For each entry below, please return its exact wording and leave out any picture.

Records from a data collection:
● ● ● ● ● ● ●
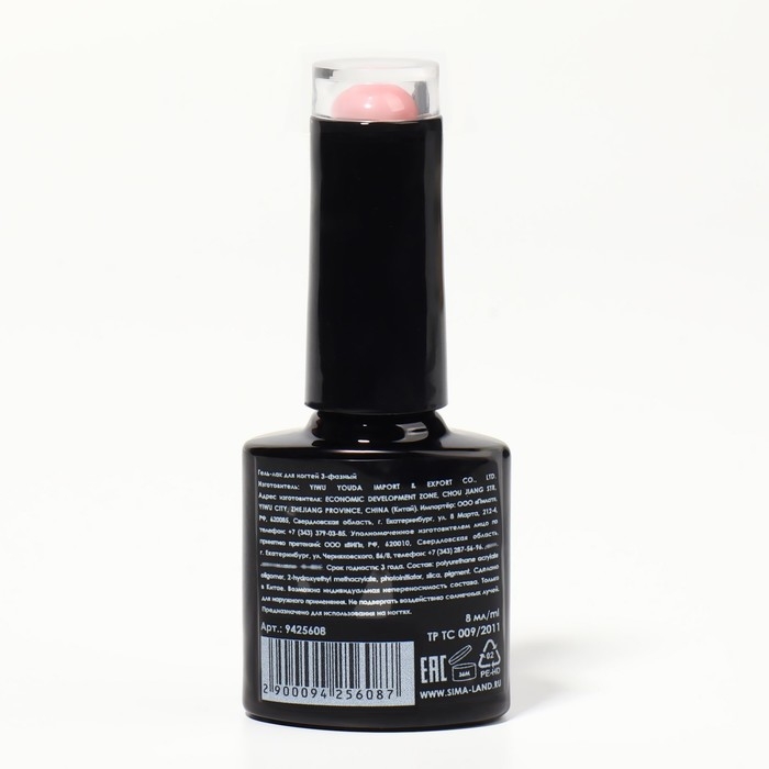 Гель лак для ногтей, с блёстками, 3-х фазный, 8 мл, LED/UV, розовый
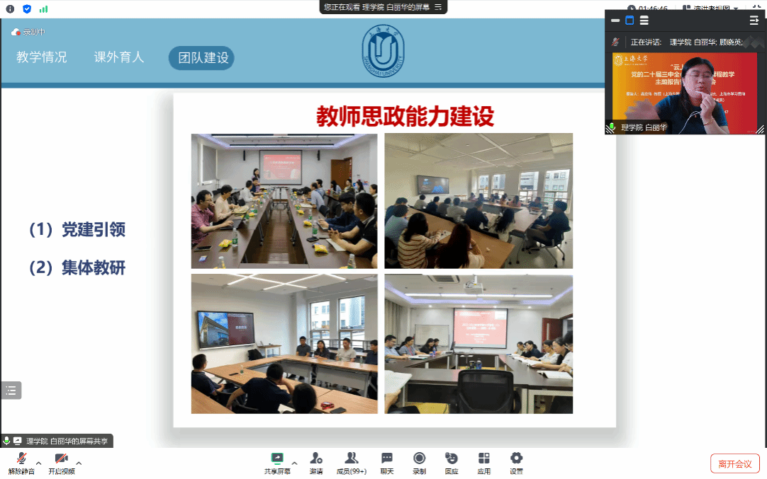 理学院“大学物理”课程负责人、上海学校课程思政示范课程暨示范团队负责人白丽华副教授,就党的二十届三中全会精神在“大学物理”教学中的融入作了交流发言。围绕着以生为本、因材施教,注重学科前沿引领,增加课程的挑战性,课外指导学生参加学科竞赛,培养学生创新能力,涵养学生科技报国的家国情怀和勇攀高峰的科学精神。通过集体备课、示范公开课等方式提升团队教师的教书育人能力。
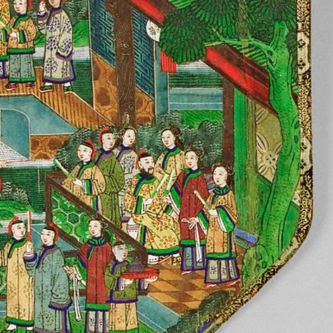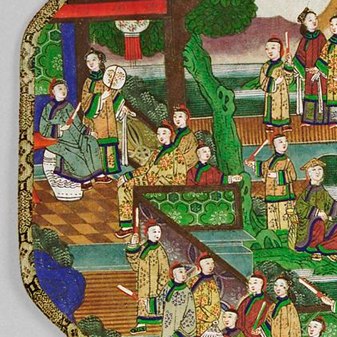 19 世纪末至 20 世纪初,西方列强发动多次侵华战争,如八国联军侵华战争,其军队与文物贩子在中国境内大肆掠夺文物。这件清代彩绘人物故事纹八角团扇很可能在对皇家或贵族府邸的洗劫中被英国侵略者获取,后经海上运输辗转至英国,多次转手后流入剑桥大学费兹威廉博物馆。当时中国国力衰微,无力保护这些文化瑰宝,导致大量文物流失海外。
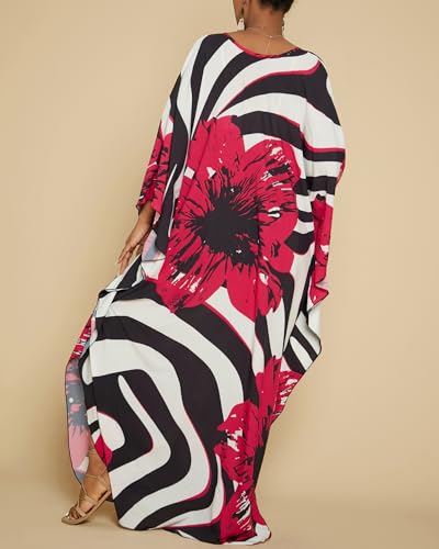 • Design: Floral Print/Flowing Kaftan/Deep V Neck/Batwing Sleeves/Side Slits/Weave/Plus Size Swimsuit for Women/Caftans for Women Loungewear/Mumu Dresses for Women
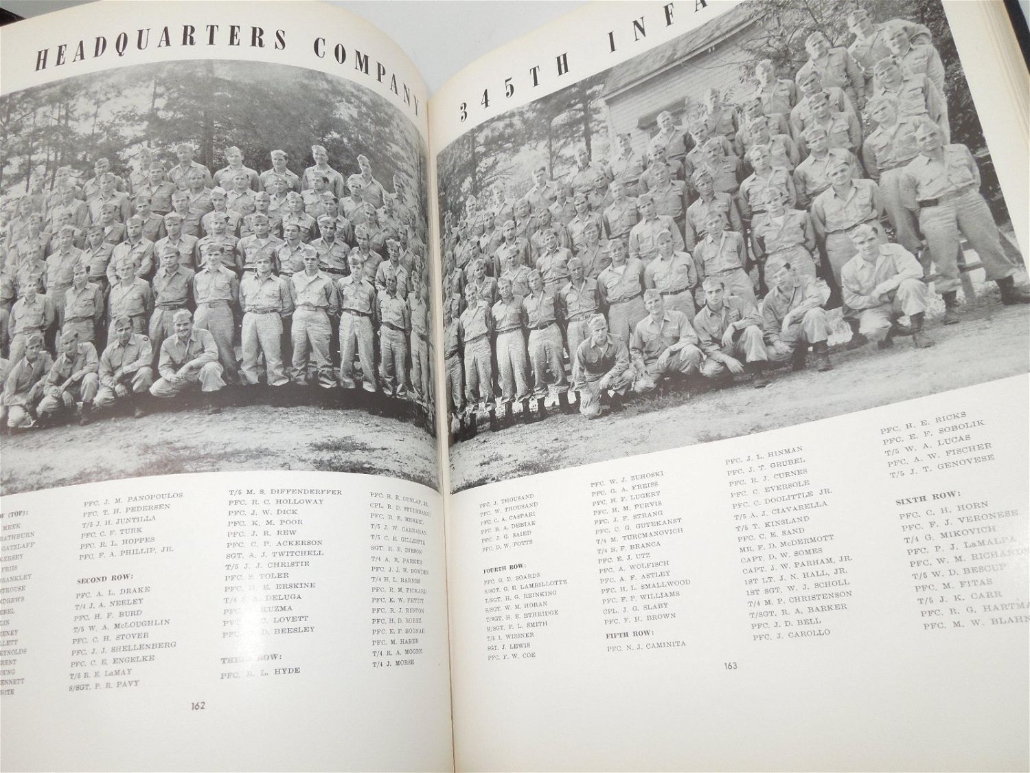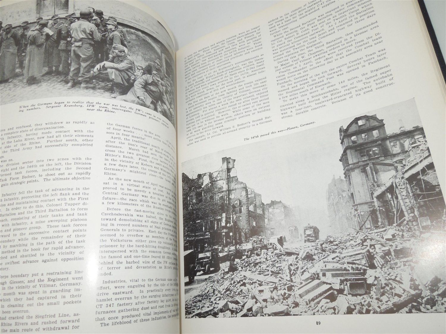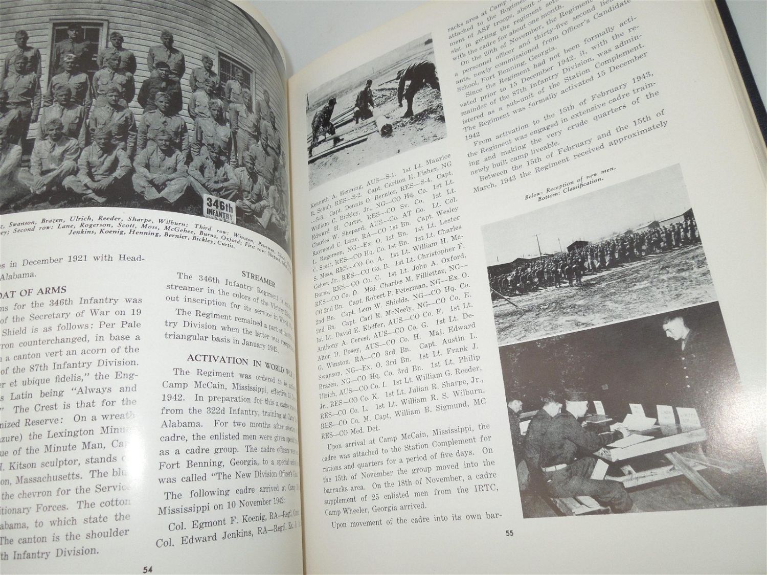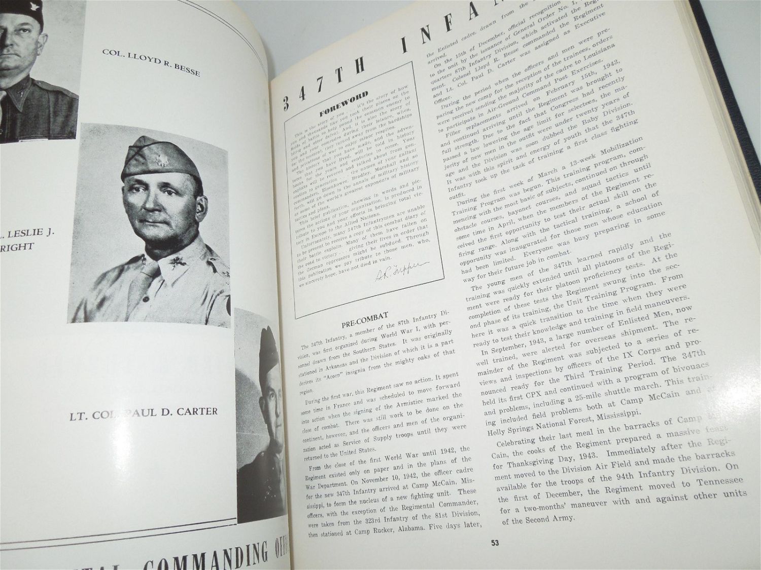 World War II hardback, "An Historical and Pictorial Record of The 87th Infantry Division in World War II, 1942-1945," 1946 publishing date in rear and appears to be a first edition. Hard to find history of the 87th Infantry Division in World War II, known as the Golden Acorn Division, with major battles and campaigns in the European theater against Germany in World War II. Includes history and a very large number of photos related to military action of the Division in World War II. A massive collection of 87th Division Regimental histories, including the 345th, 346th, 347th Infantry Regiments, 334th, 335th, 336th, and 912 Field Artillery Battalions, numerous other attached regiments. Contents include broad WWI and WWII divisional histories, detailed regimental narratives, hundreds of photographs, illustrations and maps, captioned portraits of all included members, rosters, awards and decorations pages, statistical data, a large fold-out map at center, etc. Blue cloth hardback with gilt decorations and lettering on front, book has about 900 pages and numbered in sections only. Size is 9 x 12 inches and in very good condition with minimal wear.
● ● ● ● ● ● ●
Exercise result:
 Гель лак для ногтей, с блёстками, 3-х фазный, 8 мл, LED/UV, розовый
 理学院“大学物理”课程负责人、上海学校课程思政示范课程暨示范团队负责人白丽华副教授,就党的二十届三中全会精神在“大学物理”教学中的融入作了交流发言。围绕着以生为本、因材施教,注重学科前沿引领,增加课程的挑战性,课外指导学生参加学科竞赛,培养学生创新能力,涵养学生科技报国的家国情怀和勇攀高峰的科学精神。通过集体备课、示范公开课等方式提升团队教师的教书育人能力。
 19 世纪末至 20 世纪初,西方列强发动多次侵华战争,如八国联军侵华战争,其军队与文物贩子在中国境内大肆掠夺文物。这件清代彩绘人物故事纹八角团扇很可能在对皇家或贵族府邸的洗劫中被英国侵略者获取,后经海上运输辗转至英国,多次转手后流入剑桥大学费兹威廉博物馆。当时中国国力衰微,无力保护这些文化瑰宝,导致大量文物流失海外。
 • Design: Floral Print/Flowing Kaftan/Deep V Neck/Batwing Sleeves/Side Slits/Weave/Plus Size Swimsuit for Women/Caftans for Women Loungewear/Mumu Dresses for Women
 World War II hardback, "An Historical and Pictorial Record of The 87th Infantry Division in World War II, 1942-1945," 1946 publishing date in rear and appears to be a first edition. Hard to find history of the 87th Infantry Division in World War II, known as the Golden Acorn Division, with major battles and campaigns in the European theater against Germany in World War II. Includes history and a very large number of photos related to military action of the Division in World War II. A massive collection of 87th Division Regimental histories, including the 345th, 346th, 347th Infantry Regiments, 334th, 335th, 336th, and 912 Field Artillery Battalions, numerous other attached regiments. Contents include broad WWI and WWII divisional histories, detailed regimental narratives, hundreds of photographs, illustrations and maps, captioned portraits of all included members, rosters, awards and decorations pages, statistical data, a large fold-out map at center, etc. Blue cloth hardback with gilt decorations and lettering on front, book has about 900 pages and numbered in sections only. Size is 9 x 12 inches and in very good condition with minimal wear.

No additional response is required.